PhD position on 'Massive Local Tuning of Photonics ICs' - Belgium
- We are looking for a motivated PhD candidate to work on large-scale photonic integrated circuits (silicon photonics) where thousands of elements can be independently and locally tuned.
- Different circuit topologies can be used, such as wave guide meshes that interfere, networks of ring resonators, or wave guides that couple through a recently discovered phenomenon of ‘lateral leakage’.
- One of the challenges of larger photonic circuits is to guarantee that all circuit elements are properly matched, i.e. their optical properties should be sufficiently similar.
- In silicon photonics, this is a difficult problem, because the optical properties depend on nanometer-scale variations of the geometry.
- The good news is that this can be compensated by locally tuning the individual elements of the photonic circuit, but this tuning (which is usually done with a heater) is difficult to implement on a large scale. In this project, we will explore new ways to scale up the tuning the phase of large photonic circuits.
- This requires ways to independently address a large number of elements, with sufficient accuracy.

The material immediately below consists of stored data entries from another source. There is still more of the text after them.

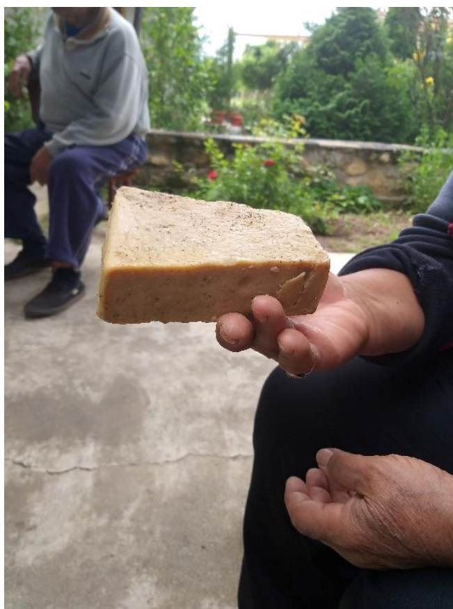
* săpun de casa
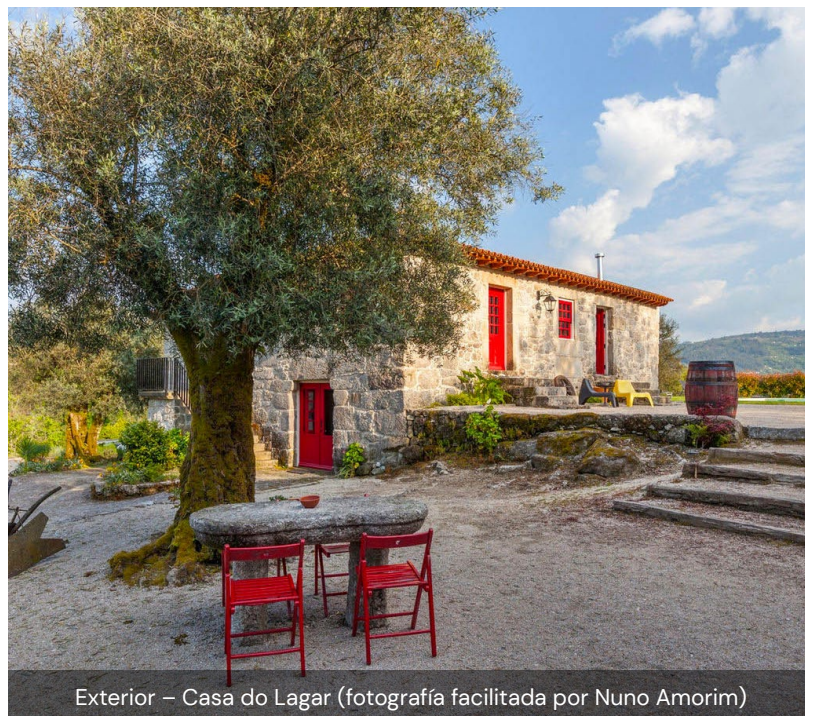
Exterior – Casa do Lagar

La Quinta do Olival está situada en el municipio de Arcos de Valdevez, en el corazón de la región del Alto Minho. Esta región, con sus bellos paisajes naturales y pastorales, sus verdes colinas surcadas por aguas cristalinas, una gastronomía rica y variada y el vinho verde de la región son privilegios de los que pueden disfrutar los visitantes. En el territorio también se puede practicar senderismo, ciclismo y actividades acuáticas como rafting y barranquismo.
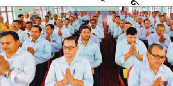
कार्यक्रम में उपस्थित स्कूल प्रधानाचार्य

की जाती है। लेकिन बेसिक स्कूलों के शिक्षकों के द्वारा ऐसा नहीं किया जा रहा। बुधवार को गंगा एक्सप्रेस वे के उद्घाटन को लेकर वीएसए ने परिषदीय स्कूलों में अवकाश घोषित कर दिया था। जिसकी जानकारी कादरचौक ब्लॉक क्षेत्र के गांव मोहम्मद गंज के बच्चों और उनके माता पिता को नहीं दी गई। जानकारी के अभाव में बच्चे स्कूल पहुंच गए और शिक्षकों का इंतजार करने लगे। घंटों इंतजार करने के बाद वह वापस लौट गए।
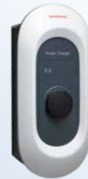
Honda Power Charger S+
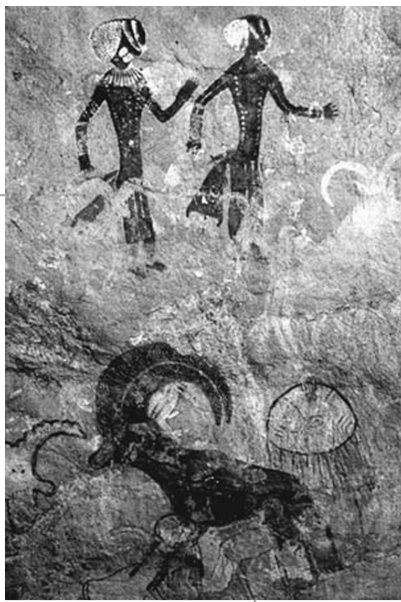
北欧岩画中人的形象

北欧地区在地理上接近北极，所以北欧岩画又有北极美术之称。大约在一万年前的中石器时代，地球气候显著变暖，北欧和北俄的冰河溶解。由于冰河溶解、海面上升和陆地隆起等原因，大不列颠岛等岛屿和欧洲大陆游离。气候的变化，性喜寒冷的驯鹿、猛犸等动物向北方转移。有的动物群迁移了，有的动物群灭绝了，迫使人类作如下三种选择：第一，随着动物群向北方迁徙；第二，转移到附近地方，靠捕获森林中的小动物以及贝类维持生活；第三，仍旧停留在原地，从事以采集和植物栽培为主的生活。第一部分人在斯堪的纳维亚

- For this, we are stepping away from the traditional method of implementing a heater element close to the optical wave guide. Instead, we consider methods with much larger parallelism, such as a liquid crystal over cladding, or optical illumination using a spatial light modulator.
- This way, the refractive index of the wave guide can be locally altered, inducing a phase shift.

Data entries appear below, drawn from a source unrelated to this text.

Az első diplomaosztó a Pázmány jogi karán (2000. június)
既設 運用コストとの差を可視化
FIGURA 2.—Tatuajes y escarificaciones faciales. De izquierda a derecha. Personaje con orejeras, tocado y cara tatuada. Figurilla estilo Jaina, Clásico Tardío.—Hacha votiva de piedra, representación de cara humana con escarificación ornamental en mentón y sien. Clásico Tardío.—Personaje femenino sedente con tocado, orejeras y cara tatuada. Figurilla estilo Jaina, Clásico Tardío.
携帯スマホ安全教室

- These techniques will be applied different optical circuit architectures: wave guides interfering in MachZehnder interferometers or networks of ring coupled resonators.
- An circuit geometry that is especially attractive for these forms of distributed tuning is ‘lateral leakage’, where wave guides can couple with each other over large distances.
Profile of the candidate
- We are looking with a PhD candidate with a background in photonics, applied physics or electrical engineering.
- You should have a strong interest in experimental work, a good knowledge of optics and electronics, and basic programming skills (Python is the standard language in our lab).
- An open mind and a multi-disciplinary attitude is a must.
- The research work will involve simulation (electromagnetic and circuits), chip design, chip assembly and building custom measurement setup.
- Chip fabrication will be based on existing processes executed in IMEC.
- This PhD project is part of the PhotonicSWARM project, a 5-year consolidator grant funded by the European Research Council (ERC).
- We offer you the opportunity to work in a large, multi-disciplinary research group that covers a broad spectrum from fundamental to very applied research in the field of integrated photonics.